3本目にして既に職人の風合い。「アルゴ」

ということで新年始めの映画エントリは「アルゴ」から。
惜しくもオスカーノミニーは監督賞は逃してしまったがベン・アフレック。3作目にしてこれかいなと。
なんというか職人の技だよねという撮り口は既にベテラン。まあこの人最初にオスカー執ったのは脚本賞(マット・デイモンとともに)、もっともこの人割りと仕事選んでるようで選んでなかったりするからラジーもとってんだけどね(ヲイ

で、この映画、面白いといわれるのがよく分かった。CIA万歳な部分がある一定の人たちに反発買うかもしれないが、これは現場の人たちがでもやるんだよ!で成功確立の薄い作戦に臨むという冒険譚である。
それにアメリカだけが正義とはいっていない。まあ突入したイラン人の描き方がアレだという人もいるかもしんないけど、興奮状態の民兵はどこでも同じもの。日本でも、アメリカでも、さほど変わらない。
あとちょっと苦い部分もちゃんと見せたりとか。そういう背景もしっかり描き込んでいる。そして演出も盛り上げどころとオチもきちんと2時間半とかにせず120分に収めているのは立派。

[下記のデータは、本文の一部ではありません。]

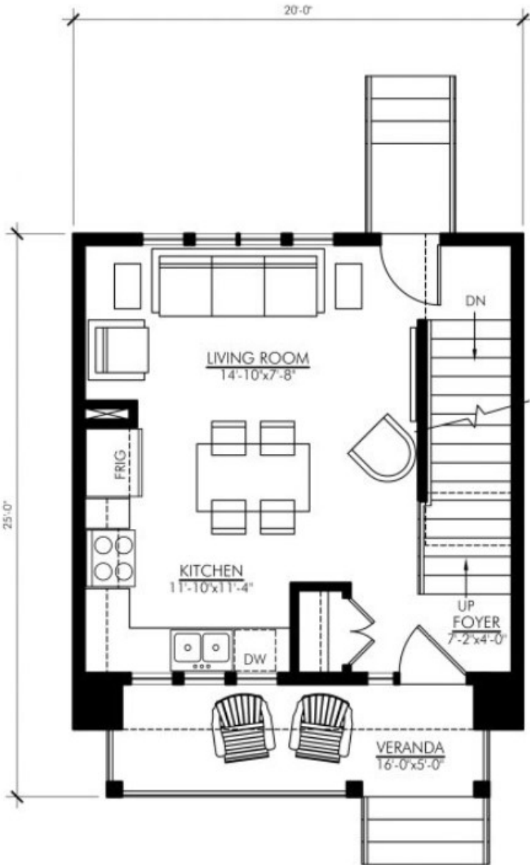
MAIN FLOOR PLAN - 400 SQ FT ALEXANDER - 840

この映画ですごくあっと思ったシーンはいくつもあるが、中でも主人公のトニーがこの困難な作戦を思いつくのが電話先で息子が観ていた「最後の猿の惑星」というのもすごく頷かせてくれる。(映画の内容を知らなくともその背景を観れば納得できる)そういう映画制作のディティールがすごく効いていてるし、またイラクではカナダ大使の私邸での生活を中心に描くことにより彼らの焦燥感を上手く積み重ねていっていた。そういう細部に気が届いていた。

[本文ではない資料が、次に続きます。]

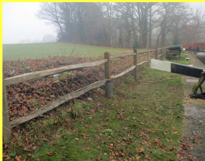
of the fence work undertaken by the Monday group at Devil's Hole Lock on a January day during somewhat inclement weather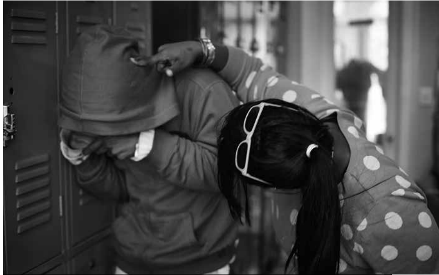
Bullying at school. While all Maryland schools have adopted anti-bullying policies, some are so generic that the needs of LGBTQ students, especially transgender and gender non-conforming youth, are not effectively addressed, while others are so punitive, attempts to protect oneself are penalized.

In Maryland's schools, approximately 80% of LGBTQ students reported experiencing verbal harassment from peers because of their sexual orientation. 17 Nearly 60% of students surveyed have endured name calling and threats in response to their gender expression. 18 Survey responses indicated that 30% of students had faced minor physical harassment such as being pushed or shoved, while 10% received more serious injuries, such as having been punched, kicked, or injured with a weapon. 19 Approximately 40% of students reported damage to personal property such as cars, clothing, and books. 20 Sexual harassment was a problem for 60% of the students responding to the survey. 21 Electronic harassment or "cyberbullying" was reported by almost half of the respondents. 22

よくCIAは成功例は永遠に隠される。知られてしまうのは失敗例だけというが、中にはこんな成功例もあるのだなと。いや面白い映画でした。

余談だけど、実際のトニー・メンデスはベン・アフとはちと違うおっちゃんでしたwだがベン・アフ、監督としてキャリア着実に積んでると思わせる1本だったね。(俳優としてもそろそろいいのにめぐり合うといいねとは…まあいいかw)

余談ついでに、軍による救出作戦イーグルクロウでこのアルゴ作戦が一時、あぼーんされそうになったけど、そのイーグルクロウが特殊部隊の作戦としては失敗事例として今でも語り草になってるのがまた色々深い。